* **Task prompt**
What should come back is the data below, word for word, minus any picture.
● ● ●
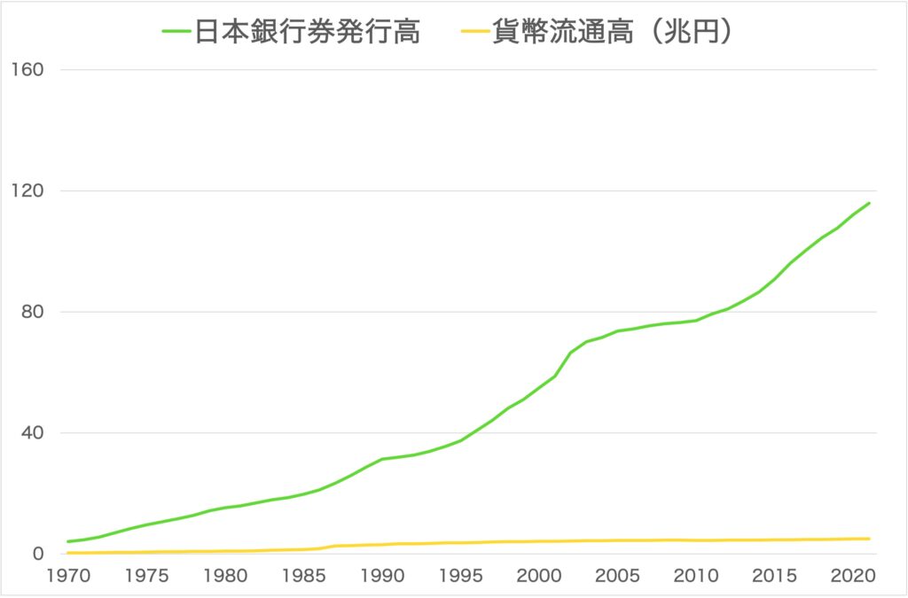 お札(日本銀行発行券)と小銭(硬貨)の増加量
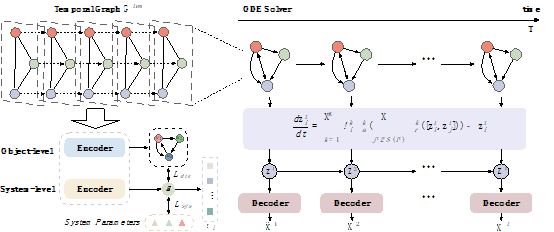 多智能体动态系统中的智能体可能会互相影响,从而影响彼此的行为。最近的研究主要使用几何图来描述这些作用关系,然后通过强大的图神经网络(GNNs)来捕捉这些相互作用。然而,在分布偏移和复杂底层规则的挑战性场景中预测相互作用的动态变化仍未解决。针对这些挑战,ICML2024论文《PGODE: Towards High-quality System Dynamics Modeling》提出了一种名为原型图常微分方程(Prototypical Graph ODE, PGODE)的新方法来解决这个问题。PGODE的核心思想是从上下文知识中学习原型分解并将其纳入到连续图常微分方程框架中。具体来说,PGODE利用表示解耦和系统参数从历史轨迹中提取对象级和系统级上下文,显式地模拟它们的独立影响,从而增强模型在系统变化下的泛化能力。然后,论文将这些解耦的潜在表示整合到图常微分方程模型中。该模型确定了各种相互作用原型的组合以增强模型表达能力,并使用端到端的变分推理框架进行优化。广泛的实验在分布内和分布外设置中验证了PGODE与各种基准相比的优越性。
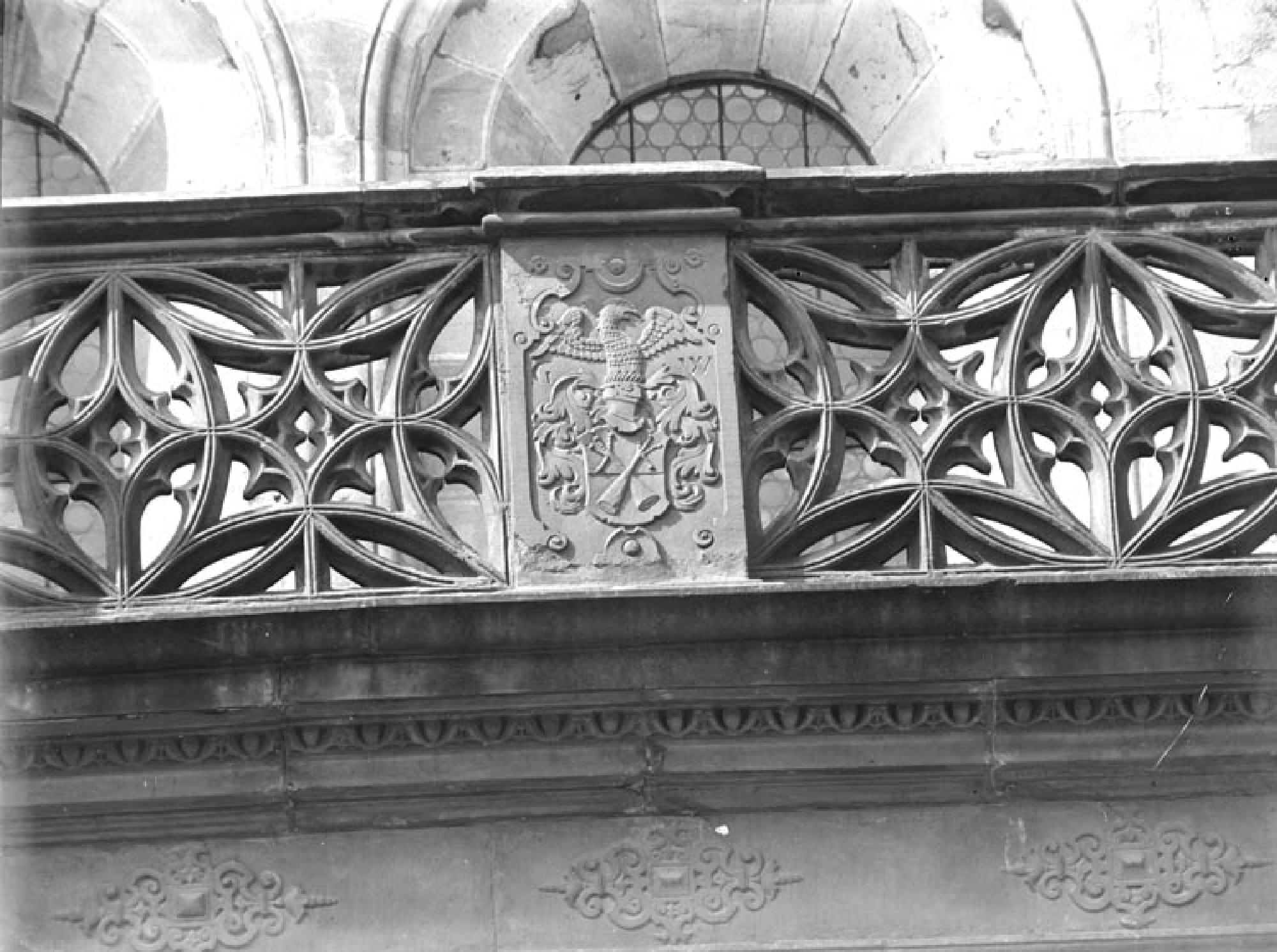 Südansicht der Renaissancevorhalle, Relief an der Maßwerkbrüstung östlich der Marienfigur.
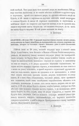 Высочайшие указы и повеления Императора Петра I, данные правительствующему сенату. О продаже недостаточными людьми своих домов, построенных на берегу реки Невы, на Адмиралтейском острове, морским служителям, которые в состоянии строить каменные дома и класть фашинник за сваи. 28 июня 1720 // Из архива правительствующего сената.
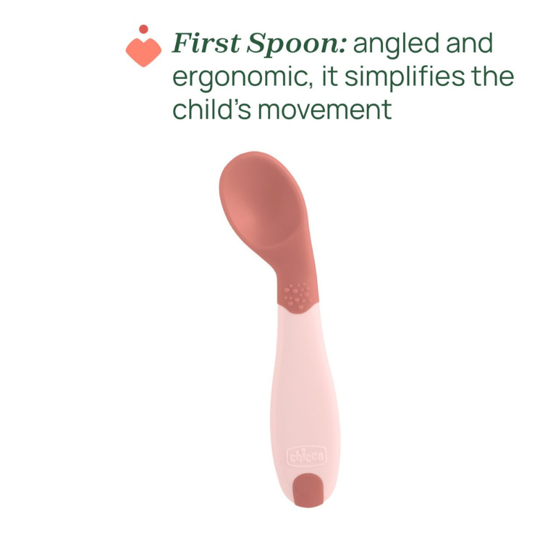 Colher inclinada: desenhada para garantir suavidade nas gengivas sensíveis do bebé, com formato pequeno e ergonómico que facilita a utilização pelo próprio bebé.
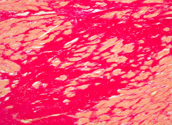 Grosse, teils kontinuierliche, teils diskontinuierliche Abschnitte der Muskulatur ersetzt durch siriusrote, z.T. wellige Kollagenfaserbündel. Narbe arm an spindeligen Fibroblasten/Fibrozyten = alte Narbe. Fleckförmig überlebende (gelbe) Muskelfasern.
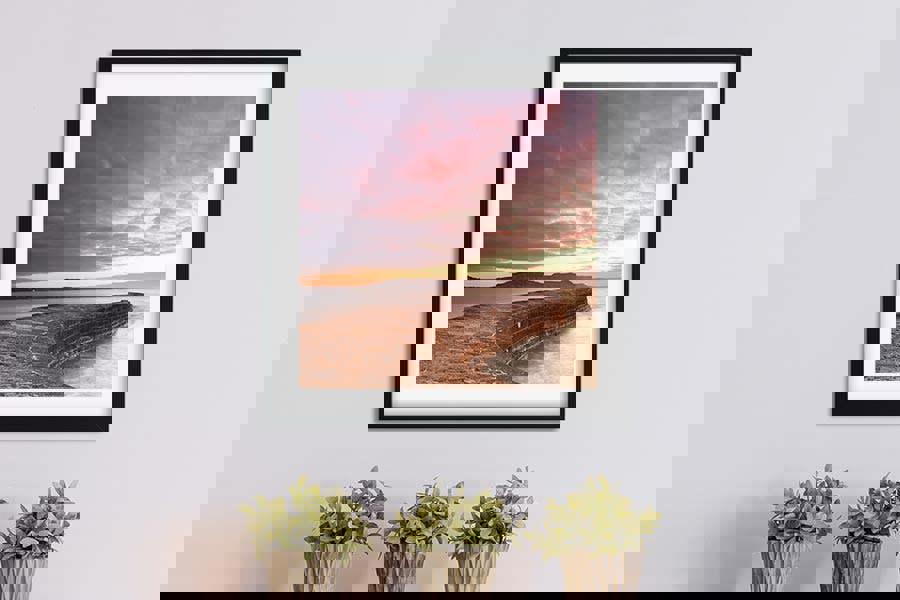 Ideal artwork for hallway galleries, nautical dining areas, book-lined studies or restful bedrooms, the scene’s gentle pinks and aged limestone sit happily alongside neutral palettes, rustic textures and modern coastal décor, lending a whisper of Dorset history indoors.
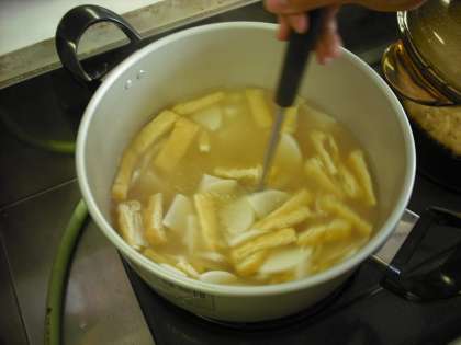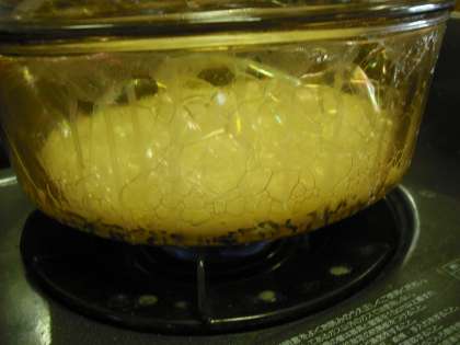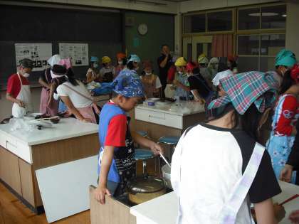 ご飯は耐熱ガラスのお鍋で炊くので,中の様子がよくわかります。みそ汁も美味しそうに出来上がりました。給食と一緒にいただきます。
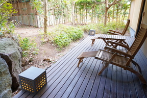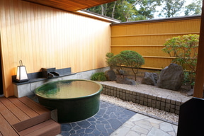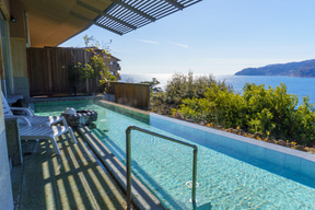 本館屋上階には、貸切露天風呂も伊豆・赤沢の2室用意。大浴場よりも空に近く、プライベートな空間で絶景を楽しめるので、子連れの家族やカップル、友人同時でぜひ利用してみてほしい。当日予約制で、料金は1時間3300円。利用時間は7時~11時、15時~22時となっている。
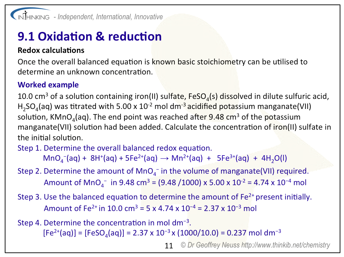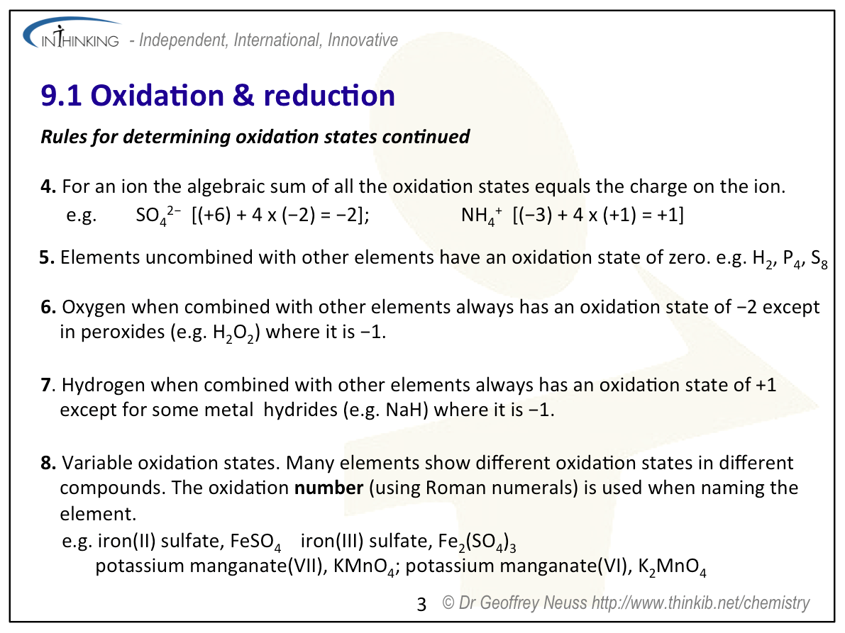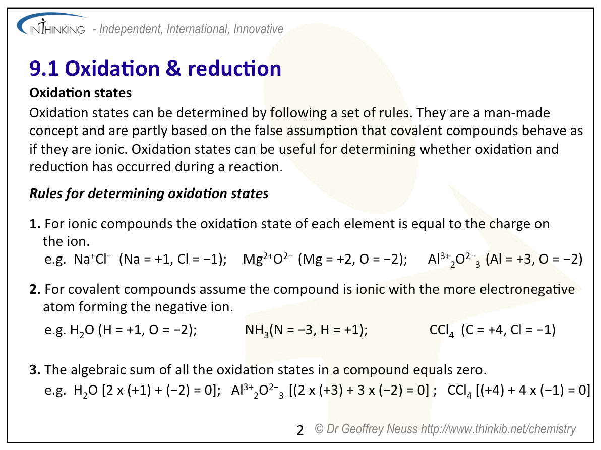 | Clarification notesAlthough oxidation number and oxidation state are often used interchangeably IUPAC does formally distinguish between the two terms. According to IUPAC oxidation numbers are represented by Roman numerals and oxidation states should be represented with the sign given before the number, e.g. +3 and not 3+. The oxidation state of hydrogen (-1) in metal hydrides and oxygen (-1) in peroxides should be known. An activity series is given in Section 25 of the data booklet. International-mindednessThe United Nations recognises access to a supply of clean drinking water as a fundamental human right. Even so, over one billion people in the world are thought to lack this basic provision. Oxidizing agents, such as chlorine or ozone, are commonly used to disinfect water by killing microbial pathogens. |
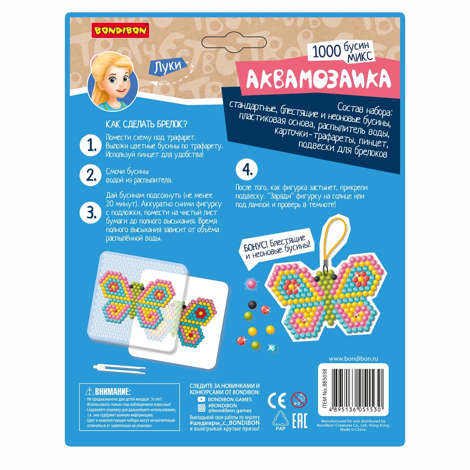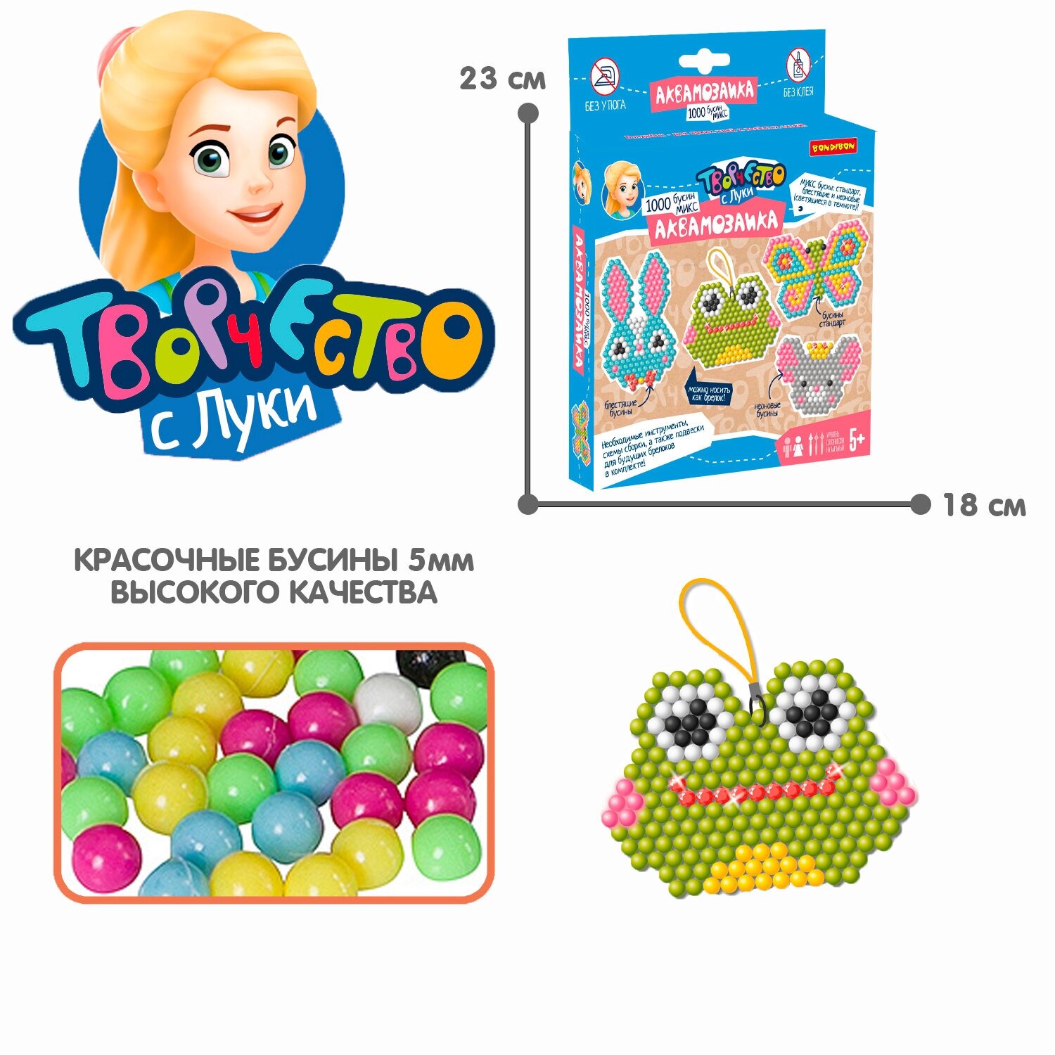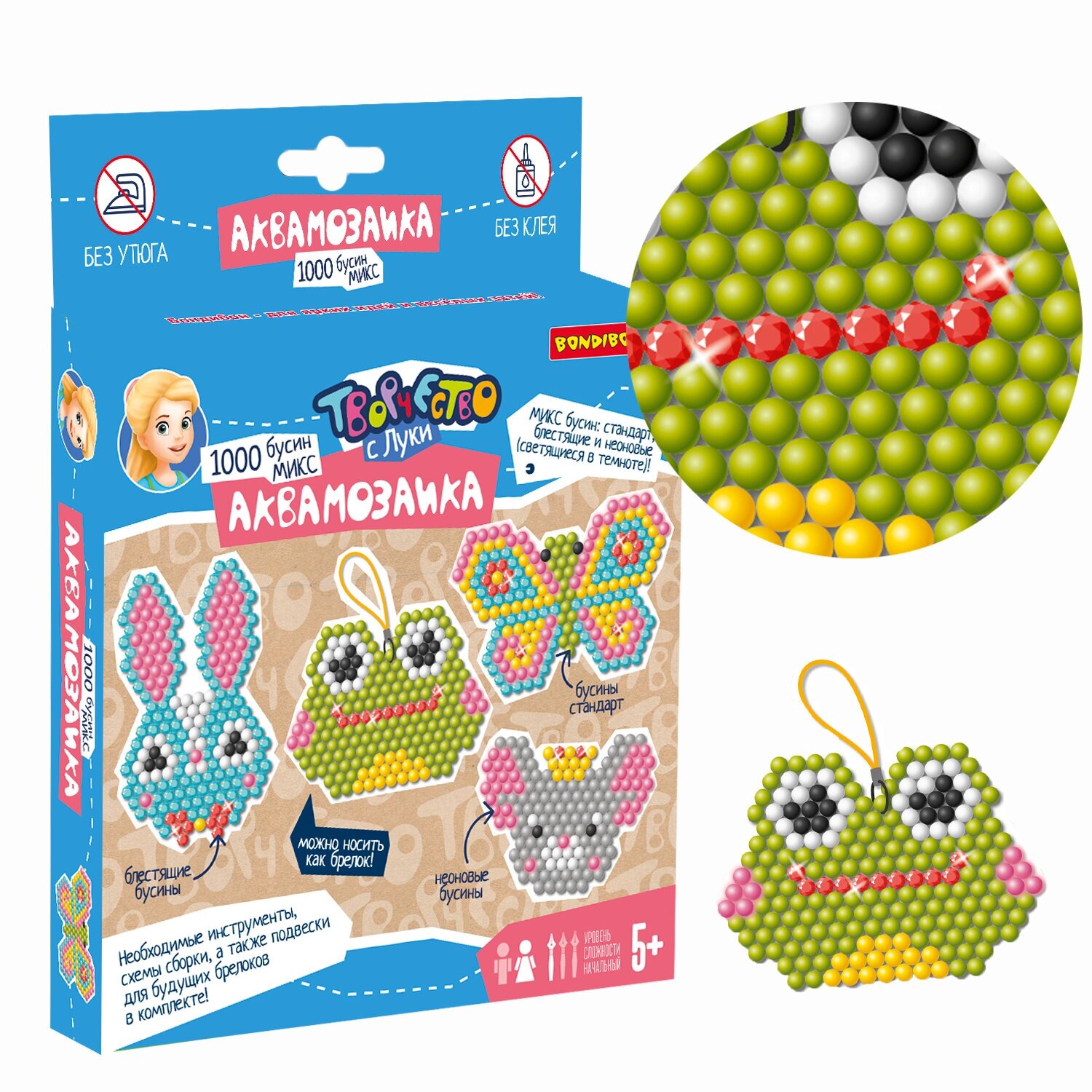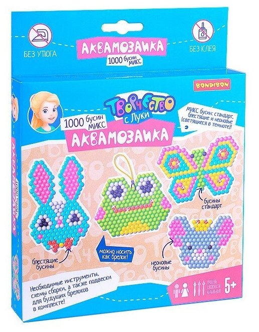 В набор входят стандартные, блестящие и неоновые бусины, пластиковая основа, распылитель воды, карточки трафареты и подвески для брелоков. Игра только под присмотром взрослых. Рекомендуемый возраст для игры 5+.
● ● ●
* **Exercise output**
 お札(日本銀行発行券)と小銭(硬貨)の増加量
 多智能体动态系统中的智能体可能会互相影响,从而影响彼此的行为。最近的研究主要使用几何图来描述这些作用关系,然后通过强大的图神经网络(GNNs)来捕捉这些相互作用。然而,在分布偏移和复杂底层规则的挑战性场景中预测相互作用的动态变化仍未解决。针对这些挑战,ICML2024论文《PGODE: Towards High-quality System Dynamics Modeling》提出了一种名为原型图常微分方程(Prototypical Graph ODE, PGODE)的新方法来解决这个问题。PGODE的核心思想是从上下文知识中学习原型分解并将其纳入到连续图常微分方程框架中。具体来说,PGODE利用表示解耦和系统参数从历史轨迹中提取对象级和系统级上下文,显式地模拟它们的独立影响,从而增强模型在系统变化下的泛化能力。然后,论文将这些解耦的潜在表示整合到图常微分方程模型中。该模型确定了各种相互作用原型的组合以增强模型表达能力,并使用端到端的变分推理框架进行优化。广泛的实验在分布内和分布外设置中验证了PGODE与各种基准相比的优越性。
 Südansicht der Renaissancevorhalle, Relief an der Maßwerkbrüstung östlich der Marienfigur.
 Высочайшие указы и повеления Императора Петра I, данные правительствующему сенату. О продаже недостаточными людьми своих домов, построенных на берегу реки Невы, на Адмиралтейском острове, морским служителям, которые в состоянии строить каменные дома и класть фашинник за сваи. 28 июня 1720 // Из архива правительствующего сената.
 Colher inclinada: desenhada para garantir suavidade nas gengivas sensíveis do bebé, com formato pequeno e ergonómico que facilita a utilização pelo próprio bebé.
 Grosse, teils kontinuierliche, teils diskontinuierliche Abschnitte der Muskulatur ersetzt durch siriusrote, z.T. wellige Kollagenfaserbündel. Narbe arm an spindeligen Fibroblasten/Fibrozyten = alte Narbe. Fleckförmig überlebende (gelbe) Muskelfasern.
 Ideal artwork for hallway galleries, nautical dining areas, book-lined studies or restful bedrooms, the scene’s gentle pinks and aged limestone sit happily alongside neutral palettes, rustic textures and modern coastal décor, lending a whisper of Dorset history indoors.
 ご飯は耐熱ガラスのお鍋で炊くので,中の様子がよくわかります。みそ汁も美味しそうに出来上がりました。給食と一緒にいただきます。
 本館屋上階には、貸切露天風呂も伊豆・赤沢の2室用意。大浴場よりも空に近く、プライベートな空間で絶景を楽しめるので、子連れの家族やカップル、友人同時でぜひ利用してみてほしい。当日予約制で、料金は1時間3300円。利用時間は7時~11時、15時~22時となっている。
 | Clarification notesAlthough oxidation number and oxidation state are often used interchangeably IUPAC does formally distinguish between the two terms. According to IUPAC oxidation numbers are represented by Roman numerals and oxidation states should be represented with the sign given before the number, e.g. +3 and not 3+. The oxidation state of hydrogen (-1) in metal hydrides and oxygen (-1) in peroxides should be known. An activity series is given in Section 25 of the data booklet. International-mindednessThe United Nations recognises access to a supply of clean drinking water as a fundamental human right. Even so, over one billion people in the world are thought to lack this basic provision. Oxidizing agents, such as chlorine or ozone, are commonly used to disinfect water by killing microbial pathogens. |
 В набор входят стандартные, блестящие и неоновые бусины, пластиковая основа, распылитель воды, карточки трафареты и подвески для брелоков. Игра только под присмотром взрослых. Рекомендуемый возраст для игры 5+.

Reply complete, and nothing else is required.